Kentucky’s education performance screams for change though myths of better performance continue – The Story for Black Students

Several days ago, I posted the first part of this series, Kentucky’s education performance screams for change though myths of better performance continue, which focused on white student scores to show claims of great progress for Kentucky’s public education system compared to other states are seriously in error. Now, let’s look at the even more unhappy picture painted by the National Assessment of Educational Progress (NAEP) about what happened to our Black students after KERA and its trappings, including School Based Decision Making (SBDM), took hold of Kentucky’s classrooms.

Figure 1 shows how Black students in Kentucky’s scores on NAEP Grade 4 Reading

Figure 1

The year 1992 was first time a State NAEP in Grade 4 Reading was conducted. A total of 32 states plus the District of Columbia’s school system (or 33 jurisdictions) had Black student scores reported both in 1992 and in 2019, the most recent testing available.

In 1992 Kentucky’s Black students’ NAEP Scale Score is listed in the 13th place by the NAEP Data Explorer. Believe it or not in 1992 NAEP testing only one state had a Black student Scale Score statistically significantly higher than Kentucky’s while Kentucky scored statistically significantly higher than four states.

That got largely turned around by 2019. In the most recent testing, the NAEP Data Explorer shows Kentucky’s score in 23rd place, about a third of the way from the bottom and well below the middle. Now seven states statistically significantly outscore for Black results and Kentucky only does better than one state by a statistically significant amount.

Not only are the 2019 results not middle of the pack, but in NAEP Grade 4 Reading Kentucky’s Black students clearly lost notable ground between the early days of KERA and the most recent data point.

Now, let’s examine the situation for NAEP Grade 4 Math for Black students, which is shown in Figure 2.

Figure 2

The picture here is even worse than the Grade 4 reading situation. Kentucky’s Blacks ranked at the top against their peers in other states for NAEP Grade 4 Math in 19092 (bet that’s a surprise). No state scored statistically significantly higher and 11 scored statistically significantly worse.

By 2019, things were flip-flopped, unfortunately. Kentucky is again below the middle of the pack and the state’s Black students only statistically significantly outscore five states and are now outscored by six states, another clear decline in relative performance since KERA began.
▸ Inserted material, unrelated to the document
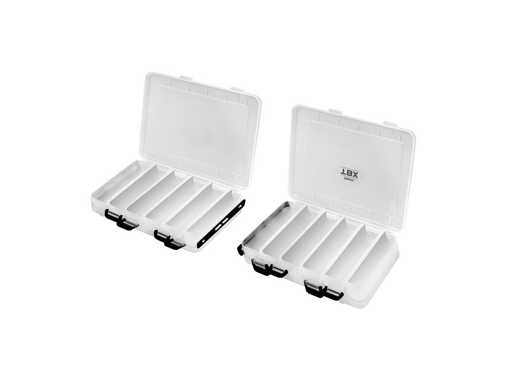 TBX Duo 210-12P Clip je multifunkčná krabička určená na uloženie voblerov a rybárskeho príslušenstva. Vyrobená je z transparentného plastu, takže máte vždy prehľad o uložených veciach vo vnútri krabičky. DUO znamená dva oddelené úložné priestory a to jeden z vrchnej a druhý zo spodnej časti s dômyselným otváraním. Vybavená je praktickými externými klipmi z čierneho plastu. Má zabudovanú skladateľnú rúčku pre jednoduchší transport. Technické parametre: Rozmer: 210x165x40mm Počet pevných priehradiek: 12 Rozmer priehradky: 2,5x14,5x3,5cm Počet vkladateľných priečinkov: 0
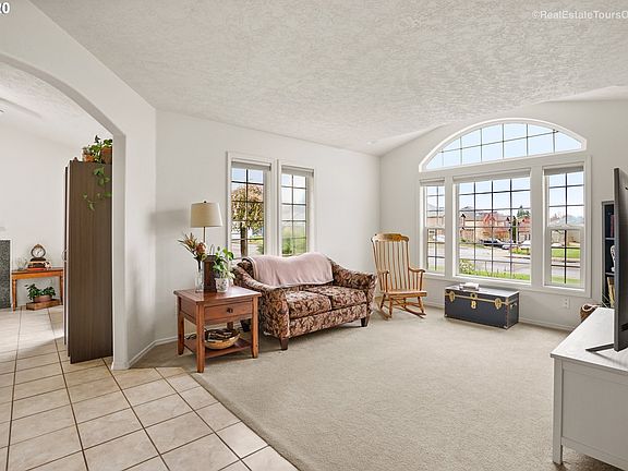 Very light and bright with vaulted ceilings. This attractive home boasts large windows for lots of natural light, situated on a large corner lot. Tile floors throughout most of the living area, carpet in living room and 1 bdrm only. Granite tile kitchen counters. Living room, plus a vaulted family room w/ Gas Fireplace

The earliest administration of State NAEP Grade 8 Reading was in 1998, and KERA was already having impacts by that time. Figure 3 shows what happened for this grade and subject. 

Figure 3

Back in 1992 Kentucky’s Blacks still scored above the middle of the pack and no state had a statistically significantly higher score.

By 2019, Kentucky’s Black Grade 8 students dropped to only about a third off the bottom of the stack and now four states score statistically significantly higher while no state scores statistically significantly lower. This isn’t middle of the pack performance, and it is definitely decay for Kentucky’s Black students.

Finally, Figure 4 shows Kentucky’s Black student performance for NAEP Grade 8 Math. 

Figure 4

The picture, as you can easily see, is a replication of the earlier ones in Figures 1 to 3.

Perhaps most notable, back in 1990, the first time NAEP Grade 8 Math reported state-level results, Kentucky outscored Black students in eight other states that have scores for both 1990 and 2019. By 2019, no state scores statistically significantly lower than the Bluegrass State for Black students on the NAEP Grade 8 Math Assessment. Not one.

This disturbingly decay in Kentucky’s Black students’ performance needs to be kept in mind as Kentucky’s legislators try to develop better education programs in the state. Many of those legislators have been working under the false assumption that Kentucky used to score at the bottom among the states and has worked its way up to performing at the middle of the pack. That is absolutely not the case, as the NAEP analyses above and in the earlier blog about white student performance show.

By the way, there weren’t enough Hispanic students in Kentucky in the early days of State NAEP for scores to be reported for them. So, we cannot show you how that might look.

To close, should Kentucky continue on with SBDM management unchanged and without the kinds of school choice that are found in many of the states that have moved ahead of Kentucky for Black student results? Is maintaining largely a status quo here the right thing to do four our children? Legislators, the ball is in your court. For the sake of our children, please don’t fumble it.